Abstract: Despite the empirical success of using Adversarial Training to defend deep learning models against adversarial perturbations, so far, it still remains rather unclear what the principles are behind the existence of adversarial perturbations, and what adversarial training does to the neural network to remove them. In this paper, we present a principle that we call Feature Purification, where we show one of the causes of the existence of adversarial examples is the accumulation of certain small dense mixtures in the hidden weights during the training process of a neural network; and more importantly, one of the goals of adversarial training is to remove such mixtures to purify hidden weights. We present both experiments on the CIFAR-10 dataset to illustrate this principle, and a theoretical result proving that for certain natural classification tasks, training a two-layer neural network with ReLU activation using randomly initialized gradient descent indeed satisfies this principle. Technically, we give, to the best of our knowledge, the first result proving that the following two can hold simultaneously for training a neural network with ReLU activation. (1) Training over the original data is indeed non-robust to small adversarial perturbations of some radius. (2) Adversarial training, even with an empirical perturbation algorithm such as FGM, can in fact be provably robust against ANY perturbations of the same radius. Finally, we also prove a complexity lower bound, showing that low complexity models such as linear classifiers, low-degree polynomials, or even the neural tangent kernel for this network, CANNOT defend against perturbations of this same radius, no matter what algorithms are used to train them.
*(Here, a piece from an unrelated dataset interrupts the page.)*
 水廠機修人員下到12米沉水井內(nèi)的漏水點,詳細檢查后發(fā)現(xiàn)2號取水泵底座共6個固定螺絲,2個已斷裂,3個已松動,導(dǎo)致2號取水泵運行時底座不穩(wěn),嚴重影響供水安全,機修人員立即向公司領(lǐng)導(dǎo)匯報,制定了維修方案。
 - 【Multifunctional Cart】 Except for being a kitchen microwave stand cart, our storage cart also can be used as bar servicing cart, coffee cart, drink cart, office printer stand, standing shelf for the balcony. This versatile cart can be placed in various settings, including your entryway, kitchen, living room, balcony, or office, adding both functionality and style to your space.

Submitted to arXiv on 20 May. 2020

Ask questions about this paper to our AI assistant

You can also chat with multiple papers at once here.

The license of the paper does not allow us to build upon its content and the AI assistant only knows about the paper metadata rather than the full article.
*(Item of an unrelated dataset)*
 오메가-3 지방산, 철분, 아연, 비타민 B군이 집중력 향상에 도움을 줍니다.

AI assistant instructions?

Results of the summarizing process for the arXiv paper: 2005.10190v4

This paper's license doesn't allow us to build upon its content and the summarizing process is here made with the paper's metadata rather than the article.
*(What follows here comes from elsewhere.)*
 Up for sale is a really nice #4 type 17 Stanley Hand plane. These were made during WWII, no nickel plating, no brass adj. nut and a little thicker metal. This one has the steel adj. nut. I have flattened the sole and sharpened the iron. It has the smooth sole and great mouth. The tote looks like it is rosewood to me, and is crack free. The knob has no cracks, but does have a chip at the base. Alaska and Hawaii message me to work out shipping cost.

, , , , In their paper "Feature Purification: How Adversarial Training Performs Robust Deep Learning," Zeyuan Allen-Zhu and Yuanzhi Li explore the effectiveness of Adversarial Training in defending deep learning models against adversarial perturbations. They introduce the concept of Feature Purification, which sheds light on one of the root causes of adversarial examples - the accumulation of specific small dense mixtures in hidden weights during neural network training. Through experiments on the CIFAR-10 dataset and theoretical analysis, they demonstrate that training a two-layer neural network with ReLU activation using randomly initialized gradient descent aligns with this principle. This work provides evidence that training a neural network over original data is susceptible to non-robustness against small adversarial perturbations within a certain radius, but through adversarial training, even employing empirical perturbation algorithms like FGM, the model can be proven robust against ANY perturbations within the same radius. The authors also establish a complexity lower bound indicating that models with low complexity are unable to defend against perturbations within this radius regardless of the training algorithms employed. This study not only elucidates the mechanisms behind adversarial perturbations and their removal through feature purification but also provides valuable insights into enhancing robustness in deep learning models through adversarial training strategies.
Created on 17 Jun. 2026

Assess the quality of the AI-generated content by voting

Score: 0

Why do we need votes?

Votes are used to determine whether we need to re-run our summarizing tools. If the count reaches -10, our tools can be restarted.

Similar papers summarized with our AI tools

Navigate through even more similar papers through a

tree representation

Look for similar papers (in beta version)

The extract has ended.